> _What you have to do_
Your copy should repeat the data that follows exactly and contain no image.

··· Given data

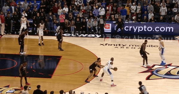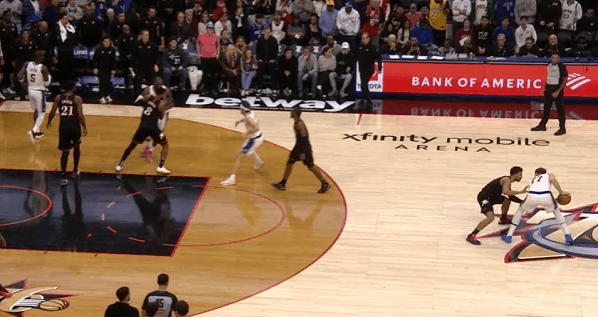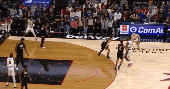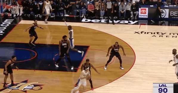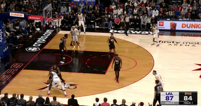詹姆斯末节收割比赛的细节:阅读防守&与东里的联动&战术执行图1边线球回合,詹姆斯借助文森特的“Cross Screen”起手到左侧低位接球,格莱姆斯给延误、沃克在詹姆斯接球前就迅速归位,没能成功制造错位,于是老詹低位拿球单打沃克:图2背身接球等待队友完成跑位后转面框,刺探步调动沃克防守重心,格莱姆斯见老詹使用刺探步立即从弱侧45°上前执行“延迟夹击”。对于詹姆斯而言,这种回合就相当于“送空位”,见招拆招:赶在格莱姆斯夹击到来、弱侧麦凯恩轮转到位之前,就直接找到弱侧空位的文森特。图3里夫斯上线持球操刀“Double Drag”拒绝掩护走左路突破没出机会,随后再回给詹姆斯发动第二波边路挡拆配合。老詹接球后下球突破处理短下顺,吸引恩比德防守注意力后立即为幽灵区埋伏的艾顿送上空接,打穿恩比德身后。图4里夫斯要到麦凯恩错位,老詹立即与其发动挡拆配合,扎实的掩护挂住麦凯恩后立即转身观察里夫斯的动向并抓身位优势顺下,接里夫斯口袋传球下球调整后直接起步,隔着篮下的恩比德起跳滞空终结。图5和里夫斯的边路挡拆二人转没出机会,随后高位背身拿球,八村趁格莱姆斯和回退篮下的恩比德不注意,立即执行溜底线的“后门切入”(Backdoor Cut),詹姆斯人到球到、精准制导。图6东契奇和艾顿挡拆配合,老詹站弱侧接应,东契奇挡拆行进间见乔治回收中路垫防、延阻艾顿顺下立即回给弱侧接应的老詹,詹姆斯接球见乔治留出投篮空间踩线三分手起刀落。图7东契奇和艾顿的边路挡拆遭遇“ice”后出球给艾顿,艾顿接球处理多打少中转给弱侧45°接应的詹姆斯,詹姆斯接球迅速调整后三分线外一步抬手就进。图8,“Ram Flip”:“Ram Screen”的变种,詹姆斯借助里夫斯“下掩护”(Pin Down)上提后没有按照“Ram Screen”的原本环节直接衔接和卢卡的挡拆配合,而是与卢卡衔接“Flip”配合,随后迅速“Slip”假挡快拆至三分线,接遭遇双人夹击的东契奇的回传,三分手起刀落。图9、10和东契奇LOGO位置的挡拆起手,换走乔治、要到格莱姆斯错位:接球后三威胁起手,不断调动格莱姆斯防守重心,右脚向右前方蹬地后立即启动交叉步左路突破,行进间沉肩对抗撞开格莱姆斯,随后迅速衔接左手炸球合球后的撤步中投。稳稳命中后110-105——既保证了进攻成功率,也成功压缩了时间。图11马克西命中超级极限后仰三分、东契奇两罚命中后,詹姆斯预判传球路线抢断彻底杀死比赛:最后防守回合湖人执行无限换防,恩比德借助VJ无球掩护起手再给格莱姆斯设置“Away Screen”。詹姆斯刚准备要换防到恩比德,但看到格莱姆斯要借掩护上提接球,直接识破了76人战术意图,立即执行换防的同时冲刺上前,成功预判传球路线完成抄截——最长的河流的经验与判断。洛杉矶湖人詹姆斯杀死比赛詹姆斯王冠重新戴起
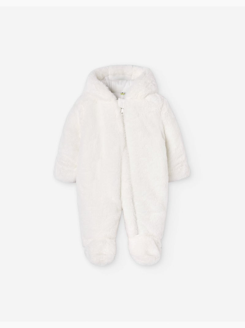 Combipilote en peluche douce avec capuche et oreilles 3D - Blanc Ecru
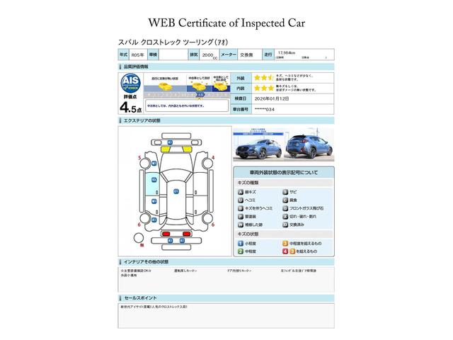 第三者機関による車両検査証、ご検討の際の参考にしてください※すべての傷・凹みなどの記載を保証するものではありません、内外装の状態が気になるかたは実車での確認がおすすめです
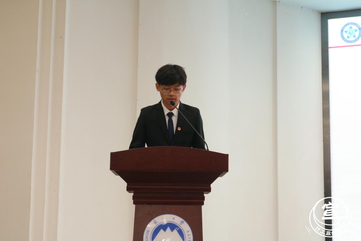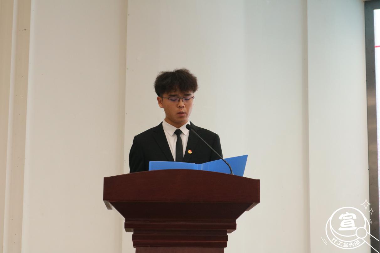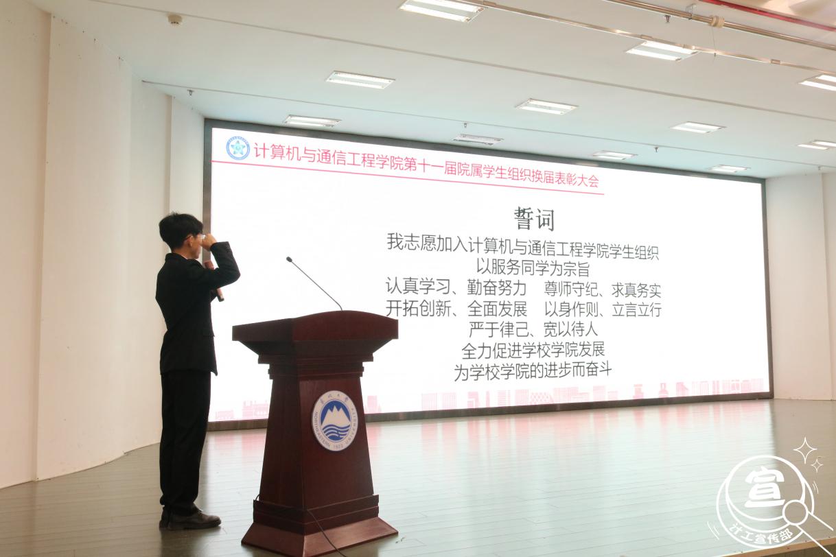 之后由第十一届学生会轮值主席朱杨带领第十一届院属学生组织全体成员进行庄严宣誓,声音洪亮,铿锵有力。

······

> _Solved problem_
詹姆斯末节收割比赛的细节:阅读防守&与东里的联动&战术执行图1边线球回合,詹姆斯借助文森特的“Cross Screen”起手到左侧低位接球,格莱姆斯给延误、沃克在詹姆斯接球前就迅速归位,没能成功制造错位,于是老詹低位拿球单打沃克:图2背身接球等待队友完成跑位后转面框,刺探步调动沃克防守重心,格莱姆斯见老詹使用刺探步立即从弱侧45°上前执行“延迟夹击”。对于詹姆斯而言,这种回合就相当于“送空位”,见招拆招:赶在格莱姆斯夹击到来、弱侧麦凯恩轮转到位之前,就直接找到弱侧空位的文森特。图3里夫斯上线持球操刀“Double Drag”拒绝掩护走左路突破没出机会,随后再回给詹姆斯发动第二波边路挡拆配合。老詹接球后下球突破处理短下顺,吸引恩比德防守注意力后立即为幽灵区埋伏的艾顿送上空接,打穿恩比德身后。图4里夫斯要到麦凯恩错位,老詹立即与其发动挡拆配合,扎实的掩护挂住麦凯恩后立即转身观察里夫斯的动向并抓身位优势顺下,接里夫斯口袋传球下球调整后直接起步,隔着篮下的恩比德起跳滞空终结。图5和里夫斯的边路挡拆二人转没出机会,随后高位背身拿球,八村趁格莱姆斯和回退篮下的恩比德不注意,立即执行溜底线的“后门切入”(Backdoor Cut),詹姆斯人到球到、精准制导。图6东契奇和艾顿挡拆配合,老詹站弱侧接应,东契奇挡拆行进间见乔治回收中路垫防、延阻艾顿顺下立即回给弱侧接应的老詹,詹姆斯接球见乔治留出投篮空间踩线三分手起刀落。图7东契奇和艾顿的边路挡拆遭遇“ice”后出球给艾顿,艾顿接球处理多打少中转给弱侧45°接应的詹姆斯,詹姆斯接球迅速调整后三分线外一步抬手就进。图8,“Ram Flip”:“Ram Screen”的变种,詹姆斯借助里夫斯“下掩护”(Pin Down)上提后没有按照“Ram Screen”的原本环节直接衔接和卢卡的挡拆配合,而是与卢卡衔接“Flip”配合,随后迅速“Slip”假挡快拆至三分线,接遭遇双人夹击的东契奇的回传,三分手起刀落。图9、10和东契奇LOGO位置的挡拆起手,换走乔治、要到格莱姆斯错位:接球后三威胁起手,不断调动格莱姆斯防守重心,右脚向右前方蹬地后立即启动交叉步左路突破,行进间沉肩对抗撞开格莱姆斯,随后迅速衔接左手炸球合球后的撤步中投。稳稳命中后110-105——既保证了进攻成功率,也成功压缩了时间。图11马克西命中超级极限后仰三分、东契奇两罚命中后,詹姆斯预判传球路线抢断彻底杀死比赛:最后防守回合湖人执行无限换防,恩比德借助VJ无球掩护起手再给格莱姆斯设置“Away Screen”。詹姆斯刚准备要换防到恩比德,但看到格莱姆斯要借掩护上提接球,直接识破了76人战术意图,立即执行换防的同时冲刺上前,成功预判传球路线完成抄截——最长的河流的经验与判断。洛杉矶湖人詹姆斯杀死比赛詹姆斯王冠重新戴起
 Combipilote en peluche douce avec capuche et oreilles 3D - Blanc Ecru
 第三者機関による車両検査証、ご検討の際の参考にしてください※すべての傷・凹みなどの記載を保証するものではありません、内外装の状態が気になるかたは実車での確認がおすすめです
 之后由第十一届学生会轮值主席朱杨带领第十一届院属学生组织全体成员进行庄严宣誓,声音洪亮,铿锵有力。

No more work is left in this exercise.